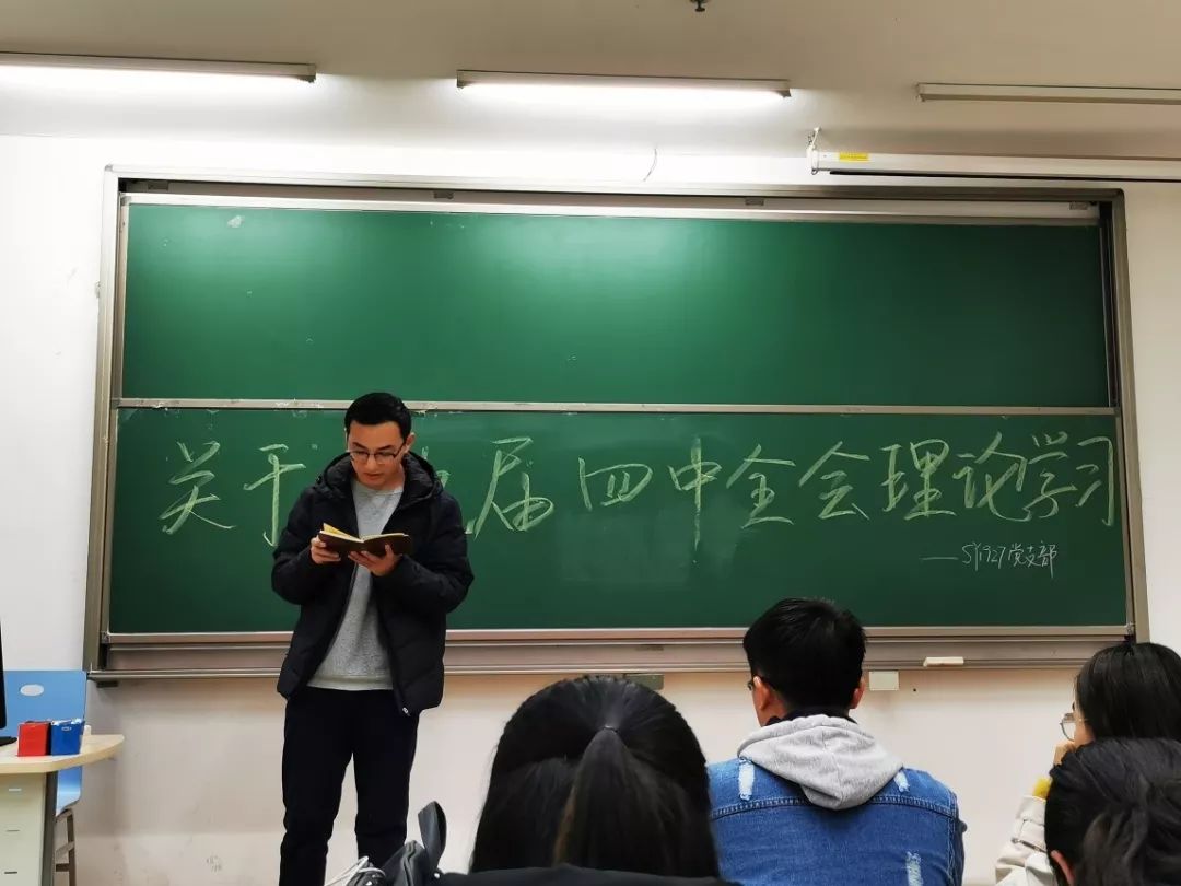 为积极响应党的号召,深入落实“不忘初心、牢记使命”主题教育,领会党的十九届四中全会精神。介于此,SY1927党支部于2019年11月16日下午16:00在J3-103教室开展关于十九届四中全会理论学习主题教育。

━━━━━━━━━━━━━━━━━━━━

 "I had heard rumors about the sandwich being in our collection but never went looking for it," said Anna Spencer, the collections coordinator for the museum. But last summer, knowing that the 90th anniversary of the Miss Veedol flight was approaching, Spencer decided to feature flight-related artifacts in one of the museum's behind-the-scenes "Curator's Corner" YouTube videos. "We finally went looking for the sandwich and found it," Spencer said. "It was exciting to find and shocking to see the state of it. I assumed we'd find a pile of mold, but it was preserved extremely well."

━━━━━━━━━━━━━━━━━━━━

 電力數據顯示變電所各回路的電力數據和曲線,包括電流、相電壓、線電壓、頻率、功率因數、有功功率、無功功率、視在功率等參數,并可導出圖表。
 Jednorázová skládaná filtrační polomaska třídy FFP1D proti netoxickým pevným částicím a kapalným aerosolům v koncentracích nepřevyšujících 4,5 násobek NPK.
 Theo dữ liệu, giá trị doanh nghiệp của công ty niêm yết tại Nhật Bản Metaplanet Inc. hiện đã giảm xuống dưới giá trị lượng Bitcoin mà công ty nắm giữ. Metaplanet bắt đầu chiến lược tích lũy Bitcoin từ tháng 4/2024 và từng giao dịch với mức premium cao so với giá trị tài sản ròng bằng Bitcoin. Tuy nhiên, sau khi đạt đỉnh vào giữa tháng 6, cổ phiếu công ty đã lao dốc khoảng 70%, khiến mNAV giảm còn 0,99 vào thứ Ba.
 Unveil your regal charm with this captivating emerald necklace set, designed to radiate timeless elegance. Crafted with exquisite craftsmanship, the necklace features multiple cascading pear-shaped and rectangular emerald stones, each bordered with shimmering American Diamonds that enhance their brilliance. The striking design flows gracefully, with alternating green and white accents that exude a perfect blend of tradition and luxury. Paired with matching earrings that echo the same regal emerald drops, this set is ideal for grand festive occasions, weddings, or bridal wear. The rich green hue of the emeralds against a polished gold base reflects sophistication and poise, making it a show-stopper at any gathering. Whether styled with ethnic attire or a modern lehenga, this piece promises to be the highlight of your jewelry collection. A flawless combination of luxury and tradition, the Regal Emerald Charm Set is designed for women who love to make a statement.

━━━━━━━━━━━━━━━━━━━━

TASK REQUIREMENTS>
Look above for the line holding "Theo dữ liệu, giá". Print it and every line after it, exactly, through the line holding "Unveil your regal".

EXERCISE SOLUTION>
 Theo dữ liệu, giá trị doanh nghiệp của công ty niêm yết tại Nhật Bản Metaplanet Inc. hiện đã giảm xuống dưới giá trị lượng Bitcoin mà công ty nắm giữ. Metaplanet bắt đầu chiến lược tích lũy Bitcoin từ tháng 4/2024 và từng giao dịch với mức premium cao so với giá trị tài sản ròng bằng Bitcoin. Tuy nhiên, sau khi đạt đỉnh vào giữa tháng 6, cổ phiếu công ty đã lao dốc khoảng 70%, khiến mNAV giảm còn 0,99 vào thứ Ba.
 Unveil your regal charm with this captivating emerald necklace set, designed to radiate timeless elegance. Crafted with exquisite craftsmanship, the necklace features multiple cascading pear-shaped and rectangular emerald stones, each bordered with shimmering American Diamonds that enhance their brilliance. The striking design flows gracefully, with alternating green and white accents that exude a perfect blend of tradition and luxury. Paired with matching earrings that echo the same regal emerald drops, this set is ideal for grand festive occasions, weddings, or bridal wear. The rich green hue of the emeralds against a polished gold base reflects sophistication and poise, making it a show-stopper at any gathering. Whether styled with ethnic attire or a modern lehenga, this piece promises to be the highlight of your jewelry collection. A flawless combination of luxury and tradition, the Regal Emerald Charm Set is designed for women who love to make a statement.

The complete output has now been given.